As a bit of background, I need to explain how a large Lotus Notes shop works, at least as it pertains to email [1]. Notes, among other things, can serve as the backbone of a large, distributed email infrastructure. In this particular IT shop, Notes was distributed globally (not an uncommon occurrence) over quite a large number of servers.

The databases within Notes undergo a task known as "replication" or, more specifically, "multi-master replication". This means that changes to any server are merged with other changes from related servers on a near real-time basis. This is one of the advantages of a distributed Notes systems: changes can occur anywhere in the system and they will automatically ripple through the entire network without user intervention, so everyone is always up-to-date. Occasionally, the same database record will be modified on two servers at once - this situation is known as a "replication conflict" and Notes will automatically remember both copies of the record for you.

One of the key databases held in each Notes server is a list of user accounts, known as the NAB. The NAB stands for "Name & Address Book". The NAB is pretty important because it contains all valid Notes user accounts on a given system and all of their personal information.

One of my areas of expertise is directory servers (LDAP directories) and, as a consultant, I did a fair amount of architecture, design and deployment of directory services. In this shop, among other things, I created a system-level process that would take a feed from Notes (since, at that time, it was the authoritative source for internal user accounts).

The way my feed process worked, high-level, was something like this:

> Read all of the Directory's user accounts into a map

> Read all of Notes' user accounts into another map

> Rip through all of the Notes accounts, comparing each one to a Directory account. If they compare, remove the account from the Directory's map. If they don't compare, save the changed fields into an Updates list.

> When done, save the remaining Notes accounts into an Inserts list.

> Save the remaining Directory accounts into a Deletes list.

Okay, that all seems pretty straightforward. But here's where my paranoia kicked in. Notice that instead of just doing the changes directly in the directory... I saved them into separate lists. Why?

Failsafe



Instead of doing the writes, our superhero, Paranoid-Boy, placed the following checks at this stage of the code:

> Is the number of Deletes greater than x% of the total number of directory accounts?

> Is the number of Updates greater than y% of the total number of directory accounts?

> Is the number of Inserts greater than z% of the total number of directory accounts?

If any of these values were exceeded, I assumed that either a catastrophic fault had occurred or that manual intervention for some major change in the user population was necessary. If this happened, the feed would reject the entire operation, notifying the operator and giving them the option to perform a "manual override".

That's why I didn't do the writes directly. I wanted to wait until I could 'sanity-check' the number of changes to the directory, which was the key repository of security data.

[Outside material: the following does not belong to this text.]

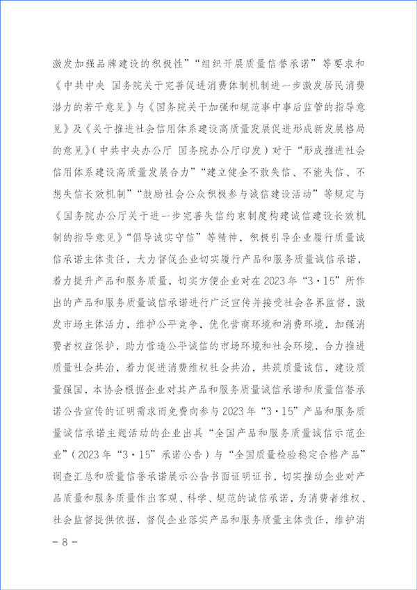 為貫徹落實(shí)《中共中央關(guān)于堅(jiān)持和完善中國(guó)特色社會(huì)主義制度 推進(jìn)國(guó)家治理體系和治理能力現(xiàn)代化若干重大問(wèn)題的決定》對(duì)于“強(qiáng)化消費(fèi)者權(quán)益保護(hù)”的重要精神和《中共中央 國(guó)務(wù)院關(guān)于開展質(zhì)量提升行動(dòng)的指導(dǎo)意見》與《質(zhì)量強(qiáng)國(guó)建設(shè)綱要》對(duì)于“推廣實(shí)施優(yōu)質(zhì)服務(wù)承諾標(biāo)識(shí)和管理制度,培育知名服務(wù)品牌,全面實(shí)施企業(yè)標(biāo)準(zhǔn)自我聲明公開和監(jiān)督制度”等重要部署及《國(guó)務(wù)院關(guān)于建立完善守信聯(lián)合激勵(lì)和失信聯(lián)合懲戒制度加快推進(jìn)社會(huì)誠(chéng)信建設(shè)的指導(dǎo)意見》對(duì)于“健全褒揚(yáng)和激勵(lì)誠(chéng)信行為機(jī)制”“多渠道選樹誠(chéng)信典型”“引導(dǎo)企業(yè)主動(dòng)發(fā)布綜合信用承諾或產(chǎn)品和服務(wù)質(zhì)量等專項(xiàng)承諾”及《建設(shè)高標(biāo)準(zhǔn)市場(chǎng)體系行動(dòng)方案》(中共中央辦公廳、國(guó)務(wù)院辦公廳印發(fā))關(guān)于“健全社會(huì)監(jiān)督”和《國(guó)務(wù)院辦公廳關(guān)于開展消費(fèi)品工業(yè)“三品”專項(xiàng)行動(dòng)營(yíng)造良好市場(chǎng)環(huán)境的若干意見》有關(guān)“加強(qiáng)輿論引導(dǎo),地方各級(jí)政府和行業(yè)協(xié)會(huì)要表彰和宣傳品牌建設(shè)成就突出的企業(yè)和企業(yè)家,激發(fā)加強(qiáng)品牌建設(shè)的積極性”“組織開展質(zhì)量信譽(yù)承諾”等要求和《中共中央 國(guó)務(wù)院關(guān)于完善促進(jìn)消費(fèi)體制機(jī)制進(jìn)一步激發(fā)居民消費(fèi)潛力的若干意見》與《國(guó)務(wù)院關(guān)于加強(qiáng)和規(guī)范事中事后監(jiān)管的指導(dǎo)意見》及《關(guān)于推進(jìn)社會(huì)信用體系建設(shè)高質(zhì)量發(fā)展促進(jìn)形成新發(fā)展格局的意見》(中共中央辦公廳 國(guó)務(wù)院辦公廳印發(fā))對(duì)于“形成推進(jìn)社會(huì)信用體系建設(shè)高質(zhì)量發(fā)展合力”“建立健全不敢失信、不能失信、不想失信長(zhǎng)效機(jī)制”“鼓勵(lì)社會(huì)公眾積極參與誠(chéng)信建設(shè)活動(dòng)”等規(guī)定與《國(guó)務(wù)院辦公廳關(guān)于進(jìn)一步完善失信約束制度構(gòu)建誠(chéng)信建設(shè)長(zhǎng)效機(jī)制的指導(dǎo)意見》“倡導(dǎo)誠(chéng)實(shí)守信”等精神,積極引導(dǎo)企業(yè)履行質(zhì)量誠(chéng)信承諾主體責(zé)任,大力督促企業(yè)切實(shí)履行產(chǎn)品和服務(wù)質(zhì)量誠(chéng)信承諾,著力提升產(chǎn)品和服務(wù)質(zhì)量,切實(shí)方便企業(yè)對(duì)在2023年“3·15”所作出的產(chǎn)品和服務(wù)質(zhì)量誠(chéng)信承諾進(jìn)行廣泛宣傳并接受社會(huì)各界監(jiān)督,激發(fā)市場(chǎng)主體活力,維護(hù)公平競(jìng)爭(zhēng),優(yōu)化營(yíng)商環(huán)境和消費(fèi)環(huán)境,加強(qiáng)消費(fèi)者權(quán)益保護(hù),助力營(yíng)造公平誠(chéng)信的市場(chǎng)環(huán)境和社會(huì)環(huán)境,合力推進(jìn)質(zhì)量社會(huì)共治,著力促進(jìn)消費(fèi)維權(quán)社會(huì)共治,共筑質(zhì)量誠(chéng)信,建設(shè)質(zhì)量強(qiáng)國(guó),本協(xié)會(huì)根據(jù)企業(yè)對(duì)其產(chǎn)品和服務(wù)質(zhì)量誠(chéng)信承諾和質(zhì)量信譽(yù)承諾公告宣傳的證明需求而免費(fèi)向參與2023年“3·15”產(chǎn)品和服務(wù)質(zhì)量誠(chéng)信承諾主題活動(dòng)的企業(yè)出具“全國(guó)產(chǎn)品和服務(wù)質(zhì)量誠(chéng)信示范企業(yè)”(2023年“3·15”承諾公告)與“全國(guó)質(zhì)量檢驗(yàn)穩(wěn)定合格產(chǎn)品”調(diào)查匯總和質(zhì)量信譽(yù)承諾展示公告書面證明證書,切實(shí)推動(dòng)企業(yè)對(duì)產(chǎn)品質(zhì)量和服務(wù)質(zhì)量作出客觀、科學(xué)、規(guī)范的誠(chéng)信承諾,為消費(fèi)者維權(quán)、社會(huì)監(jiān)督提供依據(jù),督促企業(yè)落實(shí)產(chǎn)品和服務(wù)質(zhì)量主體責(zé)任,維護(hù)消費(fèi)者合法權(quán)益,不斷增強(qiáng)人民群眾對(duì)質(zhì)量的獲得感、幸福感、安全感。本協(xié)會(huì)在本次活動(dòng)中向企業(yè)所出具的書面證明證書,謹(jǐn)系企業(yè)公開發(fā)布產(chǎn)品和服務(wù)質(zhì)量專項(xiàng)承諾與企業(yè)主動(dòng)公告質(zhì)量信譽(yù)情況的公告證明,不涉及評(píng)比或評(píng)價(jià)、排序。

Sure enough, the alarm claxons went off one day. Apparently, a bad feed process had corrupted one of the central NABs and removed 12,000 users. Notes, doing as instructed, replicated the change throughout the planet before the system administrators could get a hold of the problem. So in (probably every) NAB around the world, all 12,000 users got purged. And I think some pretty senior management folks (maybe even the CEO) temporarily lost their access to Notes services. That's a tad embarrassing for the IT execs.

Worse still, the systems downstream were at huge risk, including the Directory. Luckily, my feed process' paranoia check kicked in and rejected the feed from Notes: too many changes! No one lost their security privileges due to the Directory and the folks on our team were safe in their beds that night, sleeping like babies... while the Notes sys-admins were, I'm sure, pulling all-nighters trying to get it all back together.

A little long-winded, I know, but my point is simple. None of this would have happened if the rogue feed process had some paranoia designed in from the start.

If your system is non-trivial, be paranoid. Be very paranoid.

[1] This information is somewhat dated, so don't expect you can get your Lotus Certification after reading this junk. In fact, don't even try to use Notes based upon anything I've ever written or said. Please use professionals like Pete for all things Lotus.